优选的,为了在检测慢盘的准确度和灵敏度之间取得一个更好的综合收益,可以将上述第二阈值设定为一个检测周期内获取到的所有延时相关指标值的总个数(即一个检测周期内采样的总采样次数)的二分之一。例如,若一个检测周期是5分钟,一个采样周期是10秒钟,即每10秒钟采样一次,一次采样获取一个延时相关指标值,则该检测周期内获取到的所有延时相关指标值的总个数为30个,如此,可以将第二阈值设置为30的二分之一,即15。
示例性的,上述例子中,在本次检测周期内的所有采样周期内获取到的所有延时相关指标值落入到各个已满区间的个数为19,其大于第二阈值15,则检测节点可以计算第一比值平均值。
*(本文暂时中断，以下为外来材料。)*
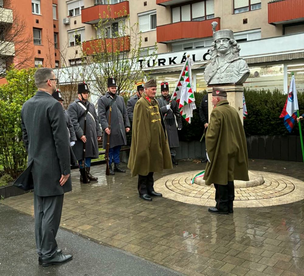 2026.03.27 - II. Rákóczi Ferenc fejedelem születésének 350. évfordulójára emlékeztek a Keresztény Nemzeti Koalíció szervezetei csütörtök délután. A Mindszentyneumban rendezett ünnepség és emlékkiállítás után az esemény résztvevői hagyományőrzők vezetésével vonultak át a Rákóczi szoborhoz. A koszorúzáson Zala Vármegye Önkormányzata képviseletében Rétvári Róbert alelnök hajtott fejet a szabadsághős emléke előtt.

本发明实施例中,检测节点在每个采样周期都采样一次,即获取一个延时相关指标值,并且在该采样周期内,若本次采样周期采样到的第一延时相关指标值所属的第一区间为已满区间,则需计算本次采样到的第一延时与区间平均延时的比值,即第一比值。可以理解,对于未满区间,检测节点不会计算第一比值。而对于已满区间,若获取一个落入该已满区间的延时相关指标值(即采样一次),则就在获取该延时相关指标值的采样周期内计算一个第一比值。
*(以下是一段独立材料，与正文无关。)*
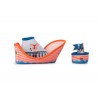 A l'abordage ! Sur son grand bateau pirate, Jack le lion a réunit tout son équipage pour parcourir les mers … Première étape du voyage : le bain des enfants ! Ce jouet de bain en deux parties se compose d'un grand bateau et de son nid-de-pie amovible. Le tout mesure 25 x 14 x 21 cm. Idéal pour le bain des petits dès 10 mois, il permet de développer leur motricité, leur imagination et leur réflexion en jouant dans l'eau ! Composé de néoprène, ce jouet d'eau est souple et pratique. Il flotte et sèche rapidement, pour un entretien facile une fois que l'aventure aquatique touche à sa fin. Le capitaine de ce bateau pirate pour le bain n'est autre que Jack le lion : il arbore un cache-œil tel un vrai loup de mer, et scrute l'horizon accompagné de Pablo le toucan. Sur le pont, il y a aussi Stella le faon, dans sa tenue de corsaire. Elle salue avec joie les autres aventuriers voguant à leurs côtés. Enfin, Ignace l'âne a lui aussi revêtu sa tenue de marin et mène à bien sa mission : du haut de son nid-de-pie, il utilise sa longue-vue pour repérer les îles encore inexplorées. Mais catastrophe ! Une grosse vague dans la baignoire fait chavirer le navire, et voilà qu'Ignace se trouve seul en mer ... Il ne lui reste plus qu'à ramer pour rejoindre l'équipage, et tout recommencer ! Vous l'aurez compris, ce bateau Lilliputiens rouge et bleu sera le centre des plus merveilleuses histoires de votre enfant à l'heure du bain ou de la douche. C'est aussi un jouet idéal lorsque l'on souhaite se rafraichir en jouant dans l'eau par une chaude journée. Alors matelots, montez à bord !

在上述例子中,本次检测周期内,若在本次检测周期内的所有采样周期内获取到的所有延时相关指标值落入到区间A的个数为5,则在获取到落入区间A的5个延时相关指标值的5个采样周期内分别计算出5个第一比值;
相应的,若在本次检测周期内的所有采样周期内获取到的所有延时相关指标值落入到区间B的个数为8,则在获取到落入区间B的8个延时相关指标值的8个采样周期内分别计算出8个第一比值;
若在本次检测周期内的所有采样周期内获取到的所有延时相关指标值落入区间C的个数6,则在获取到落入区间C的6个延时相关指标值的6个采样周期内分别计算出6个第一比值。
上述在多个采样周期内计算的多个第一比值分别为:上述计算的5个第一比值、8个第一比值以及6个第一比值,即总共19个第一比值。检测节点通过计算这19个第一比值的平均值,得到第一比值平均值。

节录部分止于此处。